[[ Data for the task open ]]

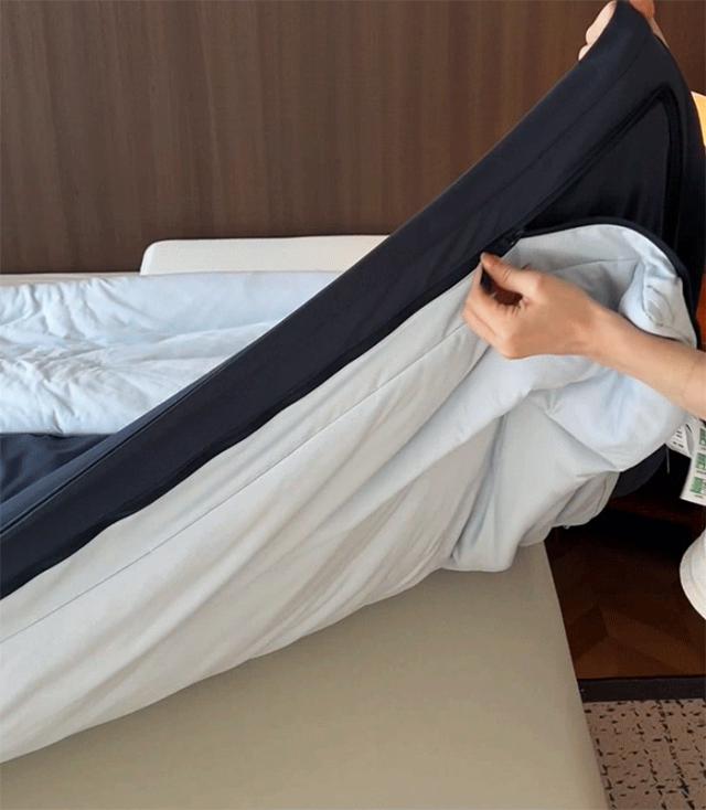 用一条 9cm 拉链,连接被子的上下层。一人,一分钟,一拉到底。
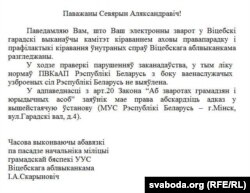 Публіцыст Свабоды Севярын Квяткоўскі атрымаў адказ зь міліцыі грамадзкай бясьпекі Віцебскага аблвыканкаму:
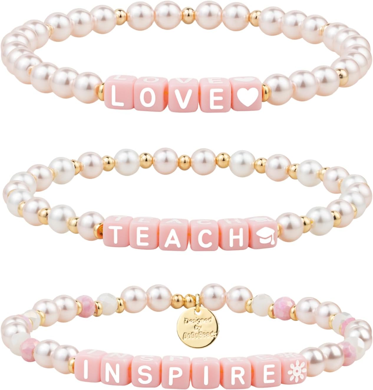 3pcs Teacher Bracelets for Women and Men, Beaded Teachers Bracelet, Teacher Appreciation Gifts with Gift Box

[[ Data for the task closed ]]
[[ Data for the task open ]]

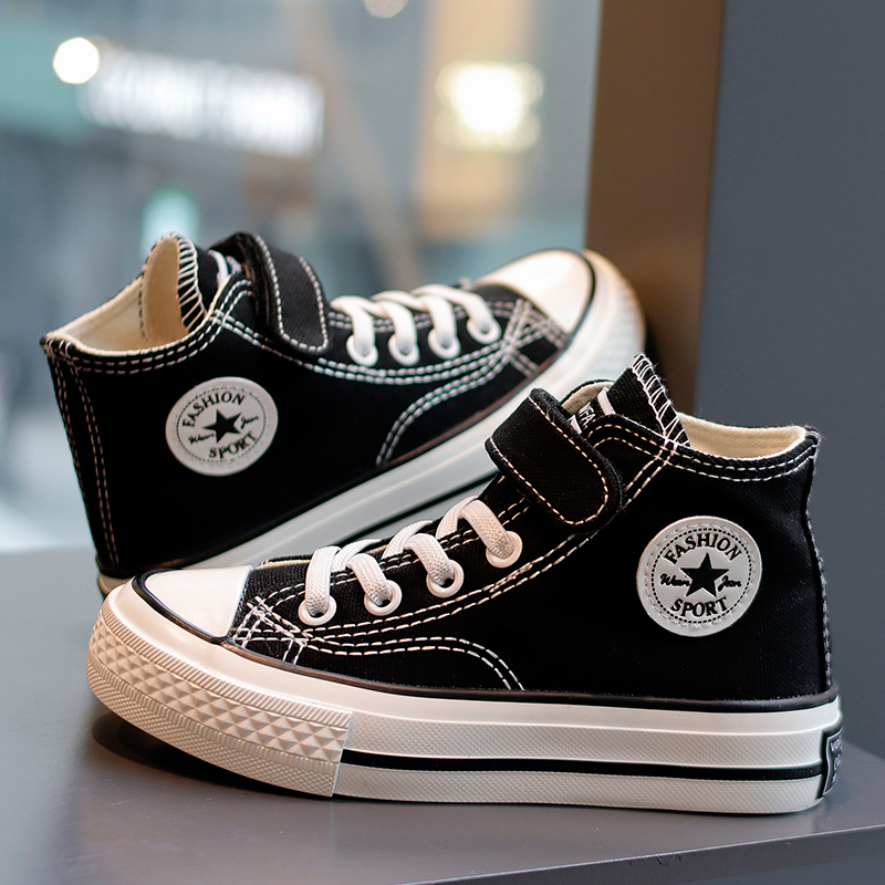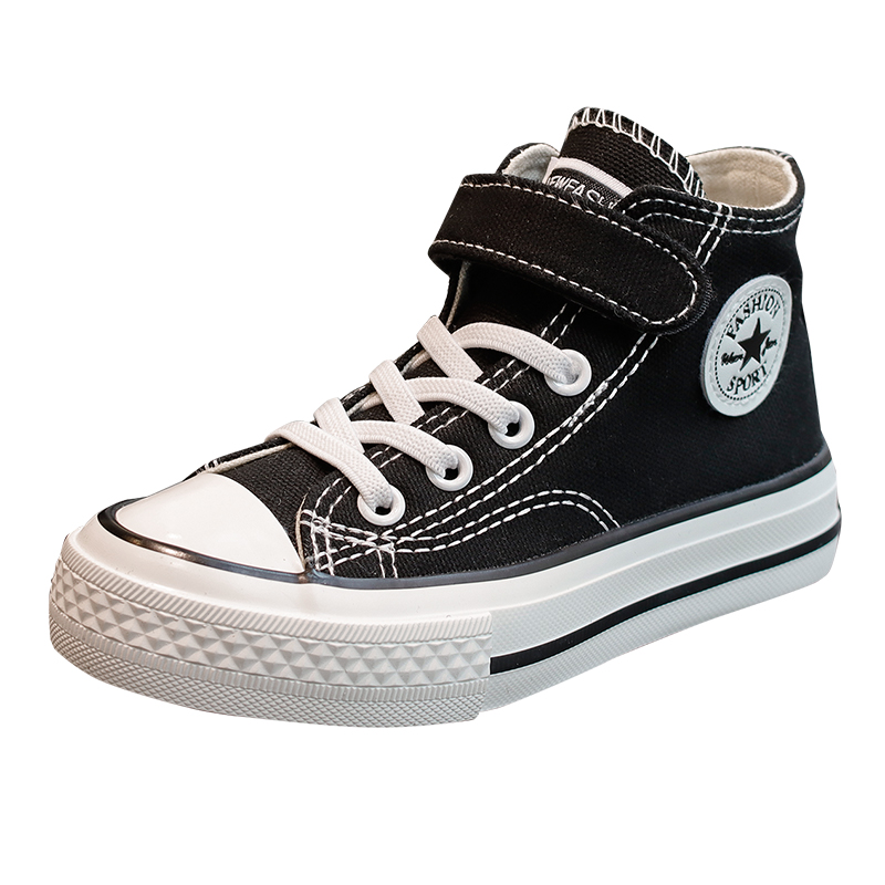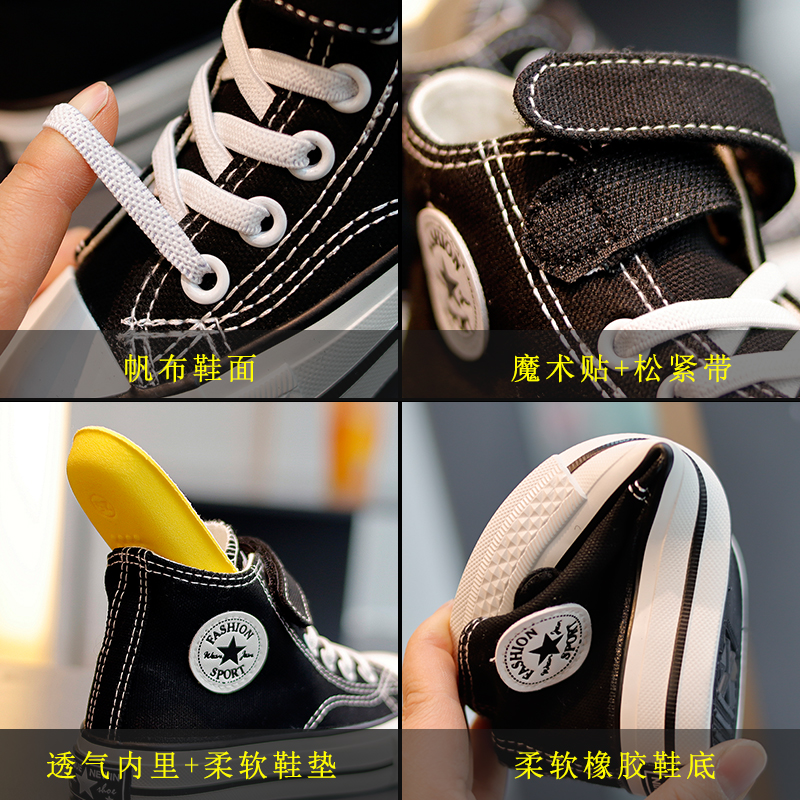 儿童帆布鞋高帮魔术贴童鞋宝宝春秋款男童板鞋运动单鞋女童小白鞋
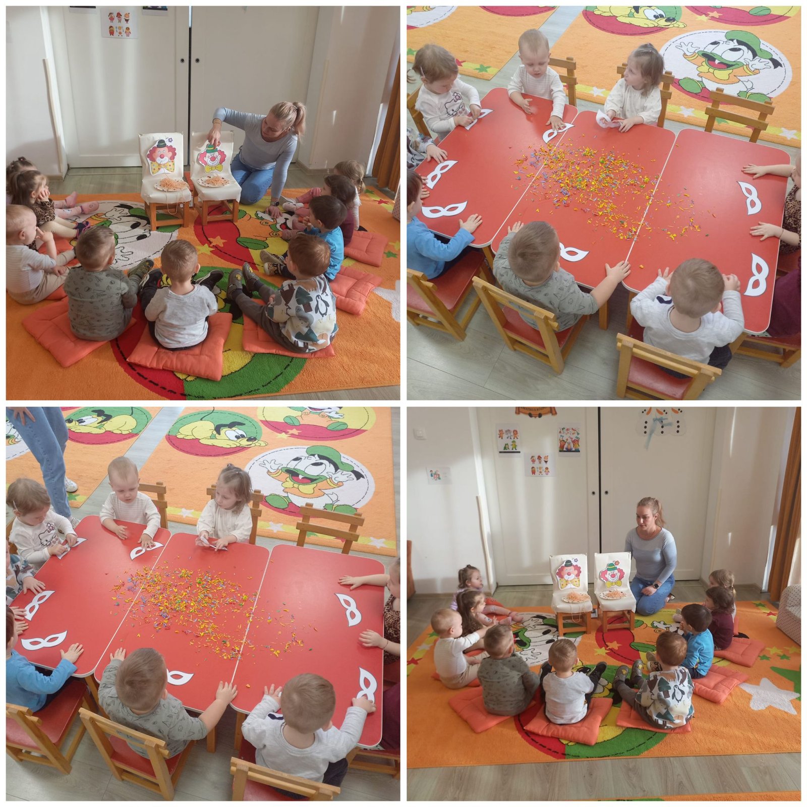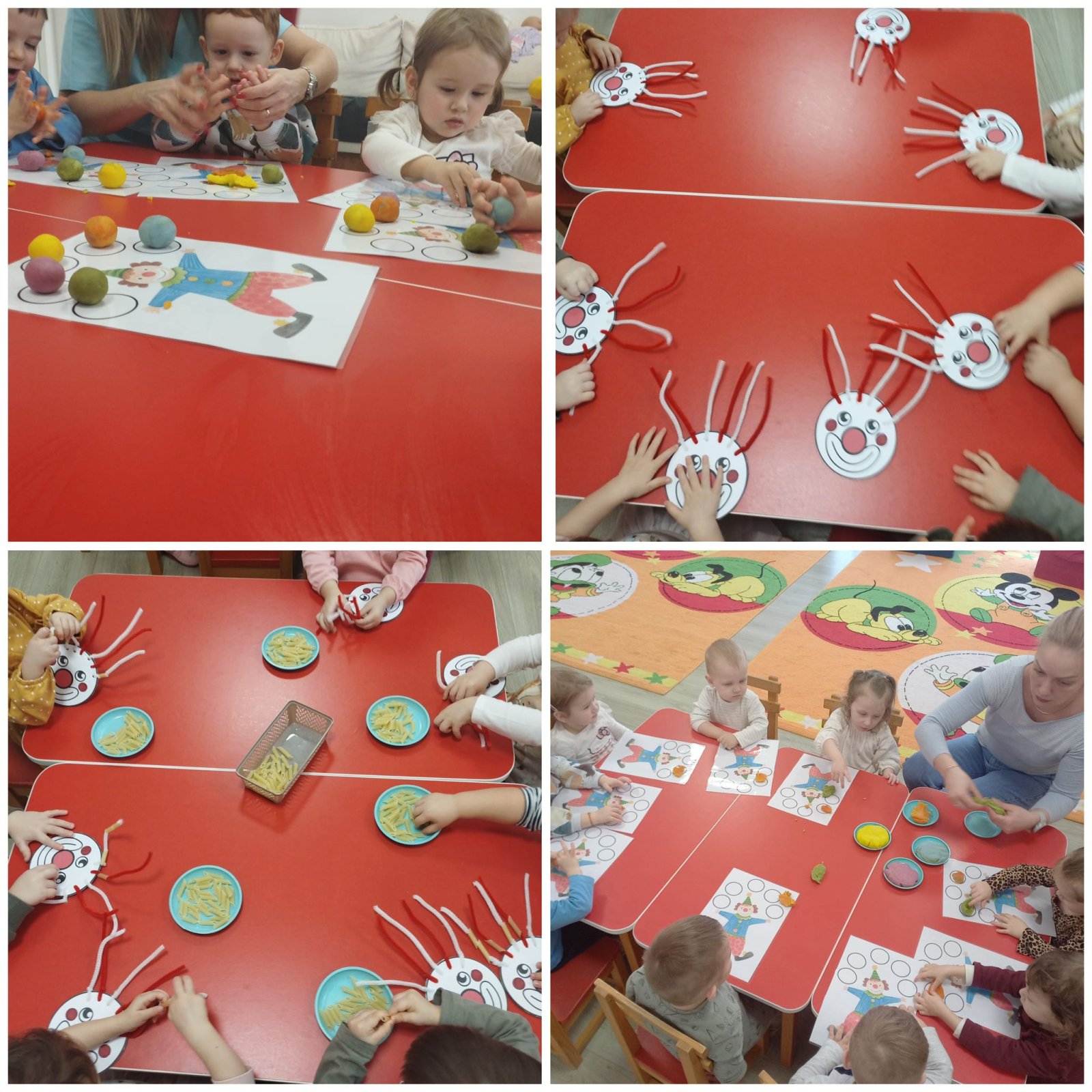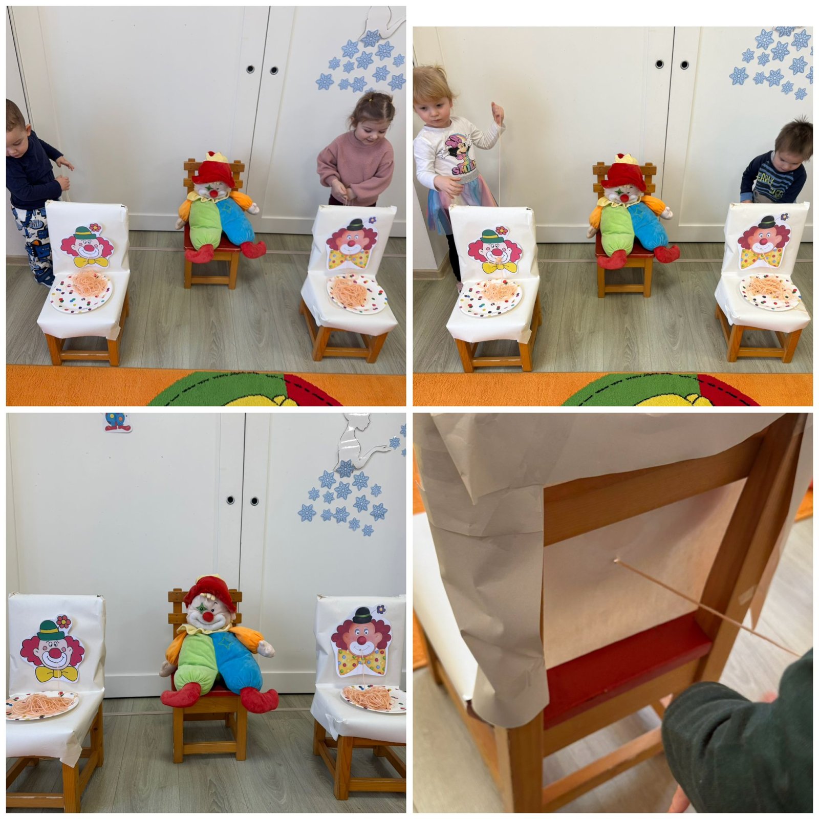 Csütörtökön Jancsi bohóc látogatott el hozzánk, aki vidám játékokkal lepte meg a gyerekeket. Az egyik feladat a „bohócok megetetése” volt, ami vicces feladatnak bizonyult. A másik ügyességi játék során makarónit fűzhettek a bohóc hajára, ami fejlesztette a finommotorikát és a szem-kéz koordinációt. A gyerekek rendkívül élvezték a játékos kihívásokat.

[[ Data for the task closed ]]

Of the lines above, copy only those from the one holding "Публіцыст Свабоды Севярын" to the one holding "3pcs Teacher Bracelets", both included, and exclude every image.

▸ **Solved problem**
 Публіцыст Свабоды Севярын Квяткоўскі атрымаў адказ зь міліцыі грамадзкай бясьпекі Віцебскага аблвыканкаму:
 3pcs Teacher Bracelets for Women and Men, Beaded Teachers Bracelet, Teacher Appreciation Gifts with Gift Box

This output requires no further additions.